The ECCsplorer (available online at https://github.com/crimBubble/ECCsplorer) is a bioinformatics pipeline to detect eccDNAs in any kind of organism or tissue using next-generation sequencing data. The derived eccDNA targets are valuable for a wide range of downstream investigations—from analysis of cancer-related eccDNAs over organelle genomics to identification of active transposable elements.

Background

Although first described over 50 years ago, the physiological role of most extrachromosomal circular DNAs (eccDNAs) remains debated [1,2,3,4]. Nevertheless, eccDNAs are often associated with many different biological roles and processes. In animals and human they have been reported as drivers for aging [5, 6] and cancer [7,8,9], whereas in plants they also play a role in gradual development of glyphosate resistance [10]. Many of these physiological consequences can be traced to extra gene copies residing extrachromosomally within the DNA circles. Beside including genes, eccDNAs often consist of repetitive DNAs such as tandem repeats (satellite DNAs) or (active) transposable elements [3, 11,12,13]. Thus, due to their relationship with transposable elements and genes, eccDNAs may also be involved in transcriptional regulation, e.g. mediated by small RNAs [14].

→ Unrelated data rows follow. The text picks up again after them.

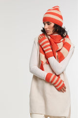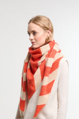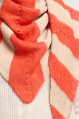 This knit triangle shaped scarf is striped in a soft beige and joyful orange hue. The perfect last touch for a cozy, elevated look.
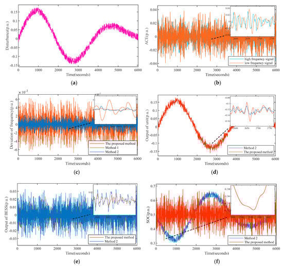- In Figure 8f, the SOC fluctuation range of our strategy is between 0.3 and 0.7, the state-keeping effect is better, and the burden of BESS is reduced. In addition, it can be seen that when SOC is lower than 0.3, the SOC falling speed is significantly reduced and the rising speed is increased. It is proven that changing the component of high frequency for energy storage in real time is beneficial to maintain SOC state. The ACE signal’s high-frequency component has the characteristics of zero mean value and small amplitude. Assuming the ACE signal’s high-frequency component by the BESS has its advantages of fast response speed and maintaining SOC.
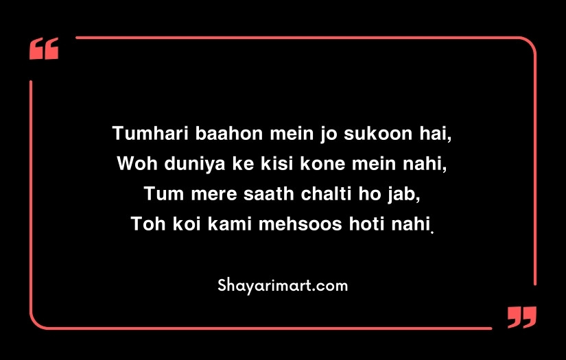 Love shayari for wife in English beautifully expresses deep affection, respect, and gratitude for the woman who shares life’s journey. Inspired by poets like Rumi, Khalil Gibran, and William Shakespeare, this form of shayari presents a wife as a soulmate, best friend, and source of peace. It reflects love that is mature, loyal, and deeply rooted.

Although few functions of eccDNAs are known so far, there is a growing interest from medicine (e.g. early disease detection or therapy) and economy (e.g. new traits for crop plants through transposon activity or gene accumulation). Therefore, many emerging studies focus on eccDNAs in model and non-model organisms. This increasing interest comes along with new challenges for eccDNA detection, both experimentally and bioinformatically. Most recent approaches rely on next-generation sequencing after experimental enrichment of eccDNA [3, 12, 13, 15]. To enrich double-stranded circular DNA, phi29 polymerases are usually used for a random rolling circle amplification (rRCA) after linear was removed by an exonuclease. Although single long-read approaches are described [16], short-read techniques are widely common to generate so called circSeq data (in special cases also referred to as mobilome-Seq data [17]). Computationally, new eccDNA candidates are currently identified based on typical read signatures, commonly detected by the mapping against a reference genome [12, 18]. These characteristic signatures include split and discordant mapping reads, which result when mapping a circular sequence against a linear reference. Based on analysis of those reads, the most likely eccDNAs are commonly called. Yet, these properties are not unique to eccDNAs—repetitive DNAs, structural variants and assembly errors in the reference yield a similar read spectrum—thus, possibly resulting in many false positives.

To date, only very few software solutions are available to analyze the growing amount of circSeq data, and currently no solution is able to address the aforementioned challenges in a single approach. In addition, there is no software solution, yet, to analyze eccDNAs from short reads if a reference genome sequence is lacking.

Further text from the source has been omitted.